READ

Venom Wars: The Lizards and Snakes Fighting Through Evolution

Australian lizards can gain resistance to snake venom, but some snakes have a surprise in store.
Cat Williams
Cat Williams
Freelance Writer
Venom Wars: The Lizards and Snakes Fighting Through Evolution
Image credit: James Dobson

The West Australian desert. It feels as though it’s the middle of nowhere. All you can see is sand, dirt and a few bushy plants.

But don’t be fooled.

This desert is home to one of the most epic evolutionary battles we’ve ever seen.

A recent study from the University of Queensland found that some lizards are resistant to snake venom. At the same time, snake venom is becoming more venomous.

It’s all part of an evolutionary arms race that the snakes and the lizards have been locked in for millions of years. Each time the lizards evolve resistance to snake venom, the snakes evolve more venomous venom.

It’s Armageddon out there!

View Larger

Goanna tracks in the WA desert

Image credit: Cat Williams
Goanna tracks in the WA desert

“MAD ABOUT SNAKES”

The research project was led by Professor Bryan Fry, who has been “mad about snakes since [he] was a little kid”.

Bryan is full of stories from his research trips. He was once “drilled by a Pilbara death adder” in the West Australian desert. In the Eastern states, his hand was destroyed by a lace monitor.

None of this deterred him though. He’s been studying reptiles for over 20 years.

WE’RE MONITOR-ING YOU

The study involved analysing 27 different species of monitor lizards from the genus Varanus.

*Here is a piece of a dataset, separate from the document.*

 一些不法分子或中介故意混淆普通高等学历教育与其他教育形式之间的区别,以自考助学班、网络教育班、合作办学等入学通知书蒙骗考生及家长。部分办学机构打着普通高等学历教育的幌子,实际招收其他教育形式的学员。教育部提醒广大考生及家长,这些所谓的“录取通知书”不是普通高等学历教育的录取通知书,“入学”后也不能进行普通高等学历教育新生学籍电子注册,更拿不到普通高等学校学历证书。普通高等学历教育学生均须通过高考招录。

Three of these monitor lizards are native to Western Australia, and another 14 are found in WA, including the perentie.

The perentie (Varanus giganteus) is one of the largest lizards in the world. These animals are “formidable and smart”, Bryan says. “They have cattle dog level intelligence.”

View Larger

Bryan with a desert spotted goanna

Image credit: Bryan Fry
Bryan with a desert spotted goanna

Not all of the lizards analysed are mega beasts like the perentie. Some of the lizards are only 25cm long. Some of them live in trees, and others burrow into the ground.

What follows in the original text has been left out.